In this episode of Enrich Your Future, Andrew and Larry Swedroe discuss Larry’s new book, Enrich Your Future: The Keys to Successful Investing. In this series, they discuss Chapter 04: Why Is Persistent Outperformance So Hard to Find?

LEARNING: Focus on building a robust asset allocation plan, regularly rebalancing it, and stick with it.

 

“Investors should just build an asset allocation plan, rebalance, and stick with it. So, when there’s a bubble, take advantage of it and sell some stock high to buy those that haven’t performed.”

Larry Swedroe

 

In this episode of Enrich Your Future, Andrew and Larry Swedroe discuss Larry’s new book, Enrich Your Future: The Keys to Successful Investing.

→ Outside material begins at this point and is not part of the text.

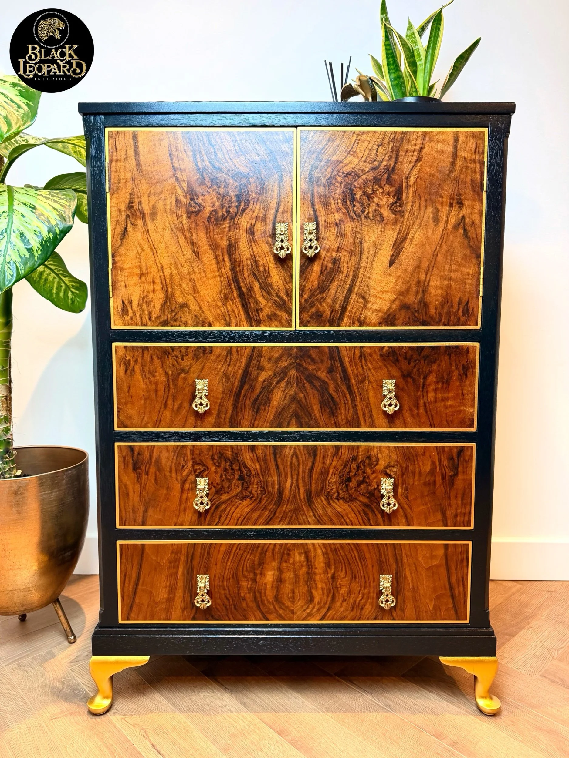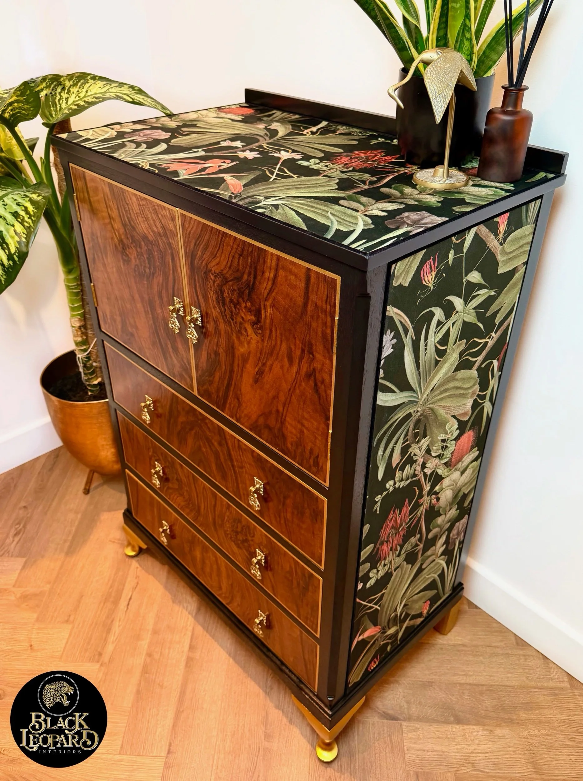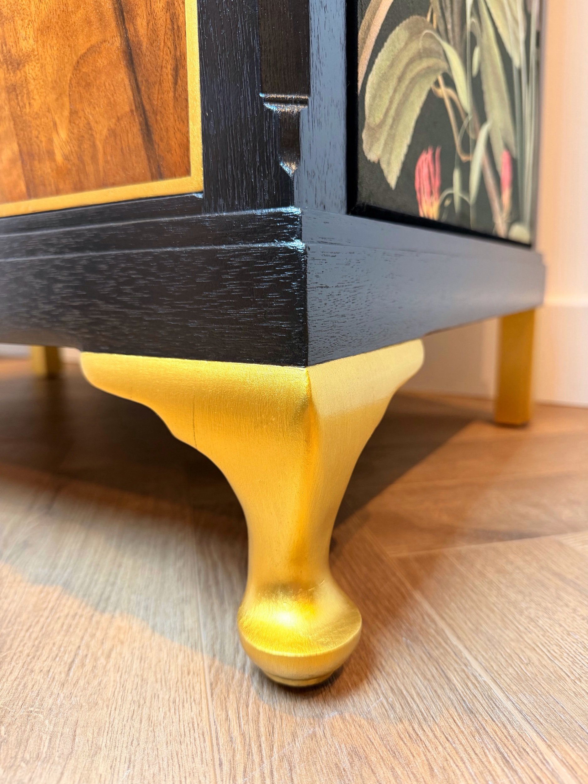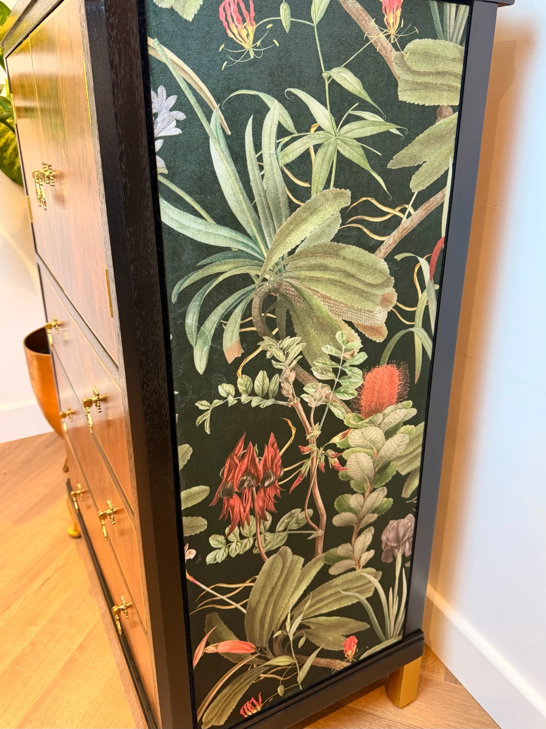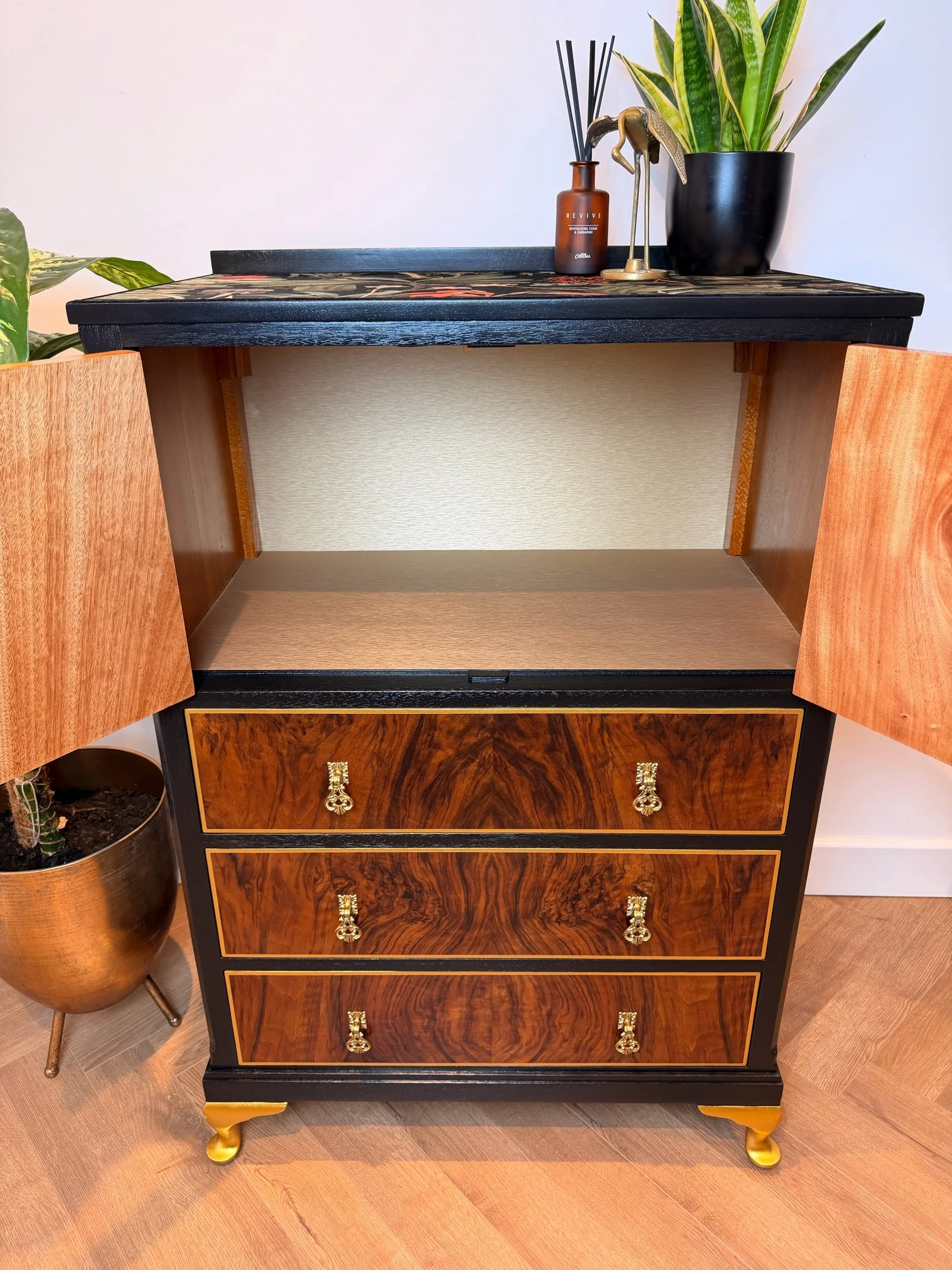 A gorgeous, eye-catching, one of a kind tallboy cabinet! You won’t see another like it as our designs are unique to each individual item we refinish. We also use velvet to embellish our pieces - not the usual wallpaper you see on the market, making this item extra extravagant with a luxury feel. The light shimmers off of the velvet and gives a really deep, rich tone to the warm colours in the fabric. This piece is so beautiful, with so much unique vintage charm - a stand out piece of furniture for your home! It would make a fabulous little drinks cabinet or sideboard/ console - whatever suits your home needs as it has plenty of storage with an open top section and 3 drawers. This cabinet has been fully restored and revitalised from head to toe with love and passion to create a new design that brings a refreshed, modern touch mixed with vintage charm. Key features such as this stunning vintage floral VELVET fabric, that wraps both sides and over the top, compliments the warmth and character of the piece. And of course showcasing and framing the main feature being the stunning woodgrain on the front of this cabinet! All refinished by hand with careful attention to detail and high quality finishing, it’s now ready to be loved for many more years to come! Please see close ups for quality of finish, we’re proud to restore items to a high standard.

The book is a collection of stories that Larry has developed over the 30 years to help investors as head of financial and economic research at Buckingham Wealth Partners. You can learn more about Larry’s Worst Investment Ever story on Ep645: Beware of Idiosyncratic Risks.

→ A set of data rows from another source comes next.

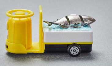 いろいろ遊べるこのトミカは、公式アプリに会員登録したうえで、かっぱ寿司を3500円以上利用するともらえます(数量限定、なくなり次第終了)。さらに11月20日からは、ターレー(※)がもらえる第2弾がスタート。荷台のマグロがビチビチ動くギミック付きで、こちらもまた楽しそうです。
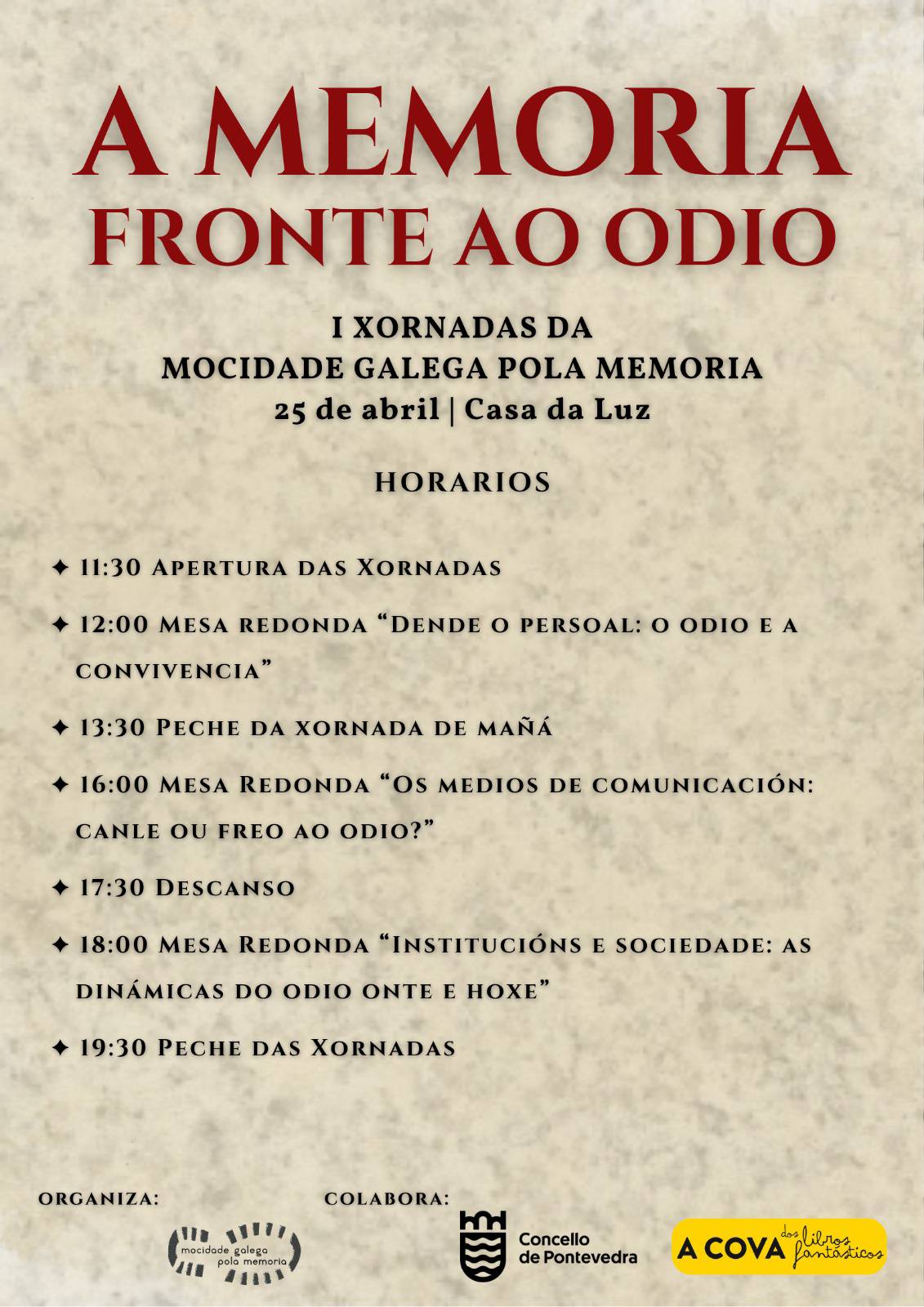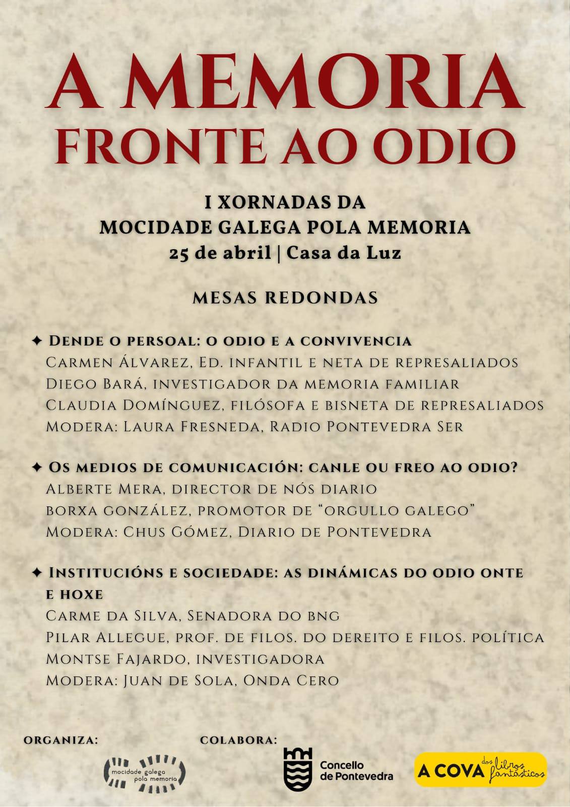 I Xornadas da Mocidade Galega pola Memoria. A memoria fronte ao odio, en Pontevedra
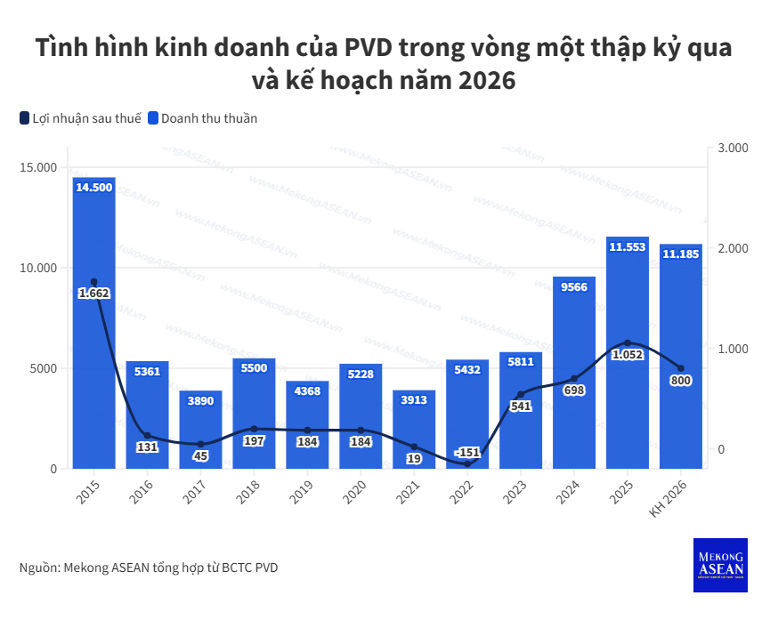 Báo cáo với các cổ đông tại đại hội, năm 2026, PVD đặt mục tiêu doanh thu tăng nhẹ, dự kiến xấp xỉ 11.200 tỷ đồng, song chỉ tiêu lợi nhuận lại được điều chỉnh giảm 23% so với thực hiện năm trước, lùi về mức 800 tỷ đồng. Kế hoạch này được đánh giá là khá cẩn trọng, nhất là khi doanh nghiệp vừa trải qua năm 2025 với kết quả kinh doanh rực rỡ nhất trong vòng 10 năm qua.

Larry deeply understands the world of academic research and investing, especially risk. Today, Andrew and Larry discuss Chapter 04: Why Is Persistent Outperformance So Hard to Find?

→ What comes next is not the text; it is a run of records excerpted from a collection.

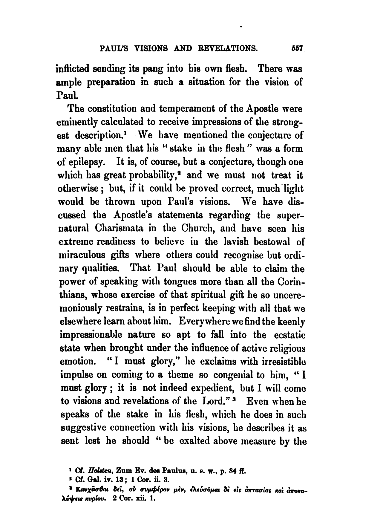 The constitution and temperament of the Apostle were eminently calculated to receive impressions of the strongest description.(1) We have mentioned the conjecture of many able men that his "stake in the flesh" was a form of epilepsy. It is, of course, but a conjecture, though one which has great probability,(2) and we must not treat it otherwise; but, if it could be proved correct, much light would be thrown upon Paul's visions. We have discussed the Apostle's statements regarding the supernatural Charismata in the Church, and have seen his extreme readiness to believe in the lavish bestowal of miraculous gifts where others could recognise but ordinary qualities. That Paul should be able to claim the power of speaking with tongues more than all the Corinthians, whose exercise of that spiritual gift he so unceremoniously restrains, is in perfect keeping with all that we elsewhere learn about him. Everywhere we find the keenly impressionable nature so apt to fall into the ecstatic state when brought under the influence of active religious emotion. "I must glory," he exclaims with irresistible impulse on coming to a theme so congenial to him, "I must glory; it is not indeed expedient, but I will come to visions and revelations of the Lord."(3) Even when he speaks of the stake in his flesh, which he does in such suggestive connection with his visions, he describes it as sent lest he should "be exalted above measure by the
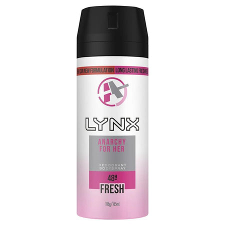 Anarchy for Her is the first and only female Body spray fragrance from LYNX. A bright, fruit fragrance, designed to keep ladies feeling confidently fresh all day long. Top fruity notes of pomegranate, apple, blueberry and kumquat. Followed by middle notes of violet, sage, cedar leaf, lavender and undertones of tobacco wood, sandalwood, white amber and coumarin. Compact enough to carry on the go, Anarchy For Her is the daily fragrance you can rely on and designed to give you confidence. All day long. So you can forget about odour and focus on what really matters. And that's you being, well, you.To Use: shake can and hold can 15cm away from body then spray. Spray on key areas of the body - underarms and upper body. Lynx is committed to producing styling & grooming products that help Australians look better, smell better and feel more confident when taking on the world, and express themselves authentically. Follow @LYNXAUSNZ for Expression Series updates plus news on events and giveaways using hashtag #FINDYOURMAGIC.Anarchy for Her is the first and only female Body Spray fragrance from LYNX.
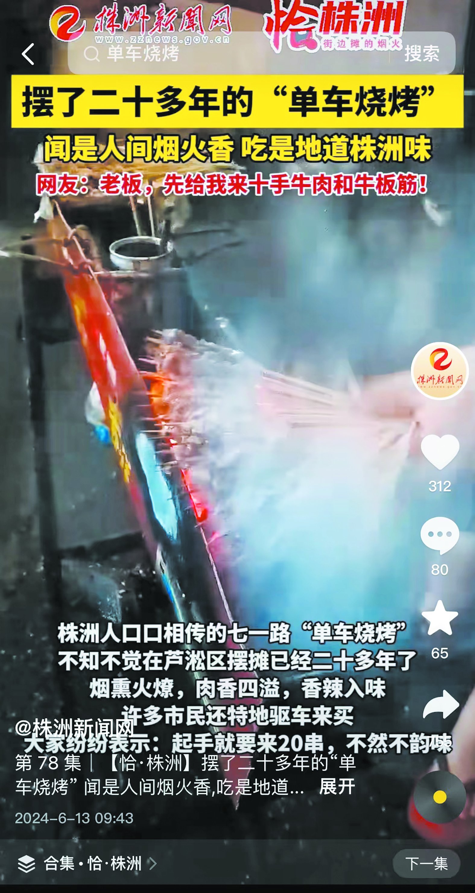 株洲人口口相传的七一路“单车烧烤”,不知不觉在芦淞区摆摊已经二十多年。闻是人间烟火香,吃是地道株洲味,许多市民特地驱车前来:老板,先给我来十手牛肉和牛筋!

Chapter 04: Why Is Persistent Outperformance So Hard to Find?

In this chapter, Larry explains why persistent outperformance beyond the randomly expected is so hard to find.

According to Larry, the equivalent of the Holy Grail is finding the formula that allows many investors to time the market successfully. For others, it is finding the fund manager who can exploit market mispricings by buying undervalued stocks and perhaps shorting overvalued ones. However, markets are very highly efficient. An efficient market means that the price is the best estimate investors have of the right price. They don’t know the right price until after the fact.

The efficiency of the markets and the evidence of the effects of scale on trading costs explain why persistent outperformance beyond the randomly expected is so hard to find. Thus, the search by investors for persistent outperformance is likely to prove as successful as Sir Galahad’s search for the Holy Grail.

Larry adds that the only place we find the persistence of performance (beyond that which we would randomly expect) is at the very bottom—poorly performing funds tend to repeat. And the persistence of poor performance is not due to poor stock selection. Instead, it is due to high expenses.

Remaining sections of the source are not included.